◆ DATASET ENTRIES
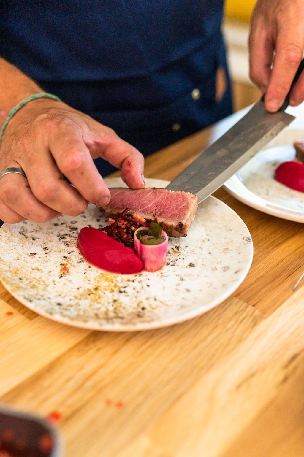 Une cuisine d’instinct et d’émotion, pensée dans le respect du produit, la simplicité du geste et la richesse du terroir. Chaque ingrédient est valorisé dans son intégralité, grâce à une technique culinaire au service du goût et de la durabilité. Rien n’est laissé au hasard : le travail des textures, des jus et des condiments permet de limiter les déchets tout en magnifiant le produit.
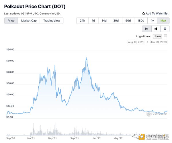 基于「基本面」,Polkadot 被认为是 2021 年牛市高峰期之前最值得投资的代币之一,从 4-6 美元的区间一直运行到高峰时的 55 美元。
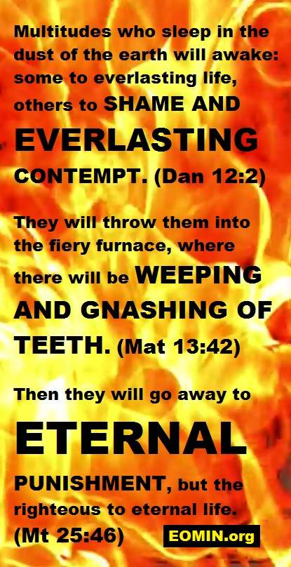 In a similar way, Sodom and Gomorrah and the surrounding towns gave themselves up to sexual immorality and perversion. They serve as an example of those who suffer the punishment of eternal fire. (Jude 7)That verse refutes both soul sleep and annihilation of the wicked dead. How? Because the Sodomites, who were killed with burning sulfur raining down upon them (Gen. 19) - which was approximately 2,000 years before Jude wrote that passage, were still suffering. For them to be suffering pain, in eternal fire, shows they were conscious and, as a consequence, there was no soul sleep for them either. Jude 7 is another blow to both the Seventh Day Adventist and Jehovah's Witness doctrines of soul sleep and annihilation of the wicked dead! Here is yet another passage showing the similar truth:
...
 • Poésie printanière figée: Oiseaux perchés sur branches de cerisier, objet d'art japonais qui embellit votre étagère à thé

◆ EXERCISE
Go to the line above that contains "Une cuisine d’instinct" and reproduce everything exactly from there through the line that contains "基于「基本面」,Polkadot 被认为是 2021", leaving out the pictures.

◆ SOLUTION FOR THIS PROBLEM
 Une cuisine d’instinct et d’émotion, pensée dans le respect du produit, la simplicité du geste et la richesse du terroir. Chaque ingrédient est valorisé dans son intégralité, grâce à une technique culinaire au service du goût et de la durabilité. Rien n’est laissé au hasard : le travail des textures, des jus et des condiments permet de limiter les déchets tout en magnifiant le produit.
 基于「基本面」,Polkadot 被认为是 2021 年牛市高峰期之前最值得投资的代币之一,从 4-6 美元的区间一直运行到高峰时的 55 美元。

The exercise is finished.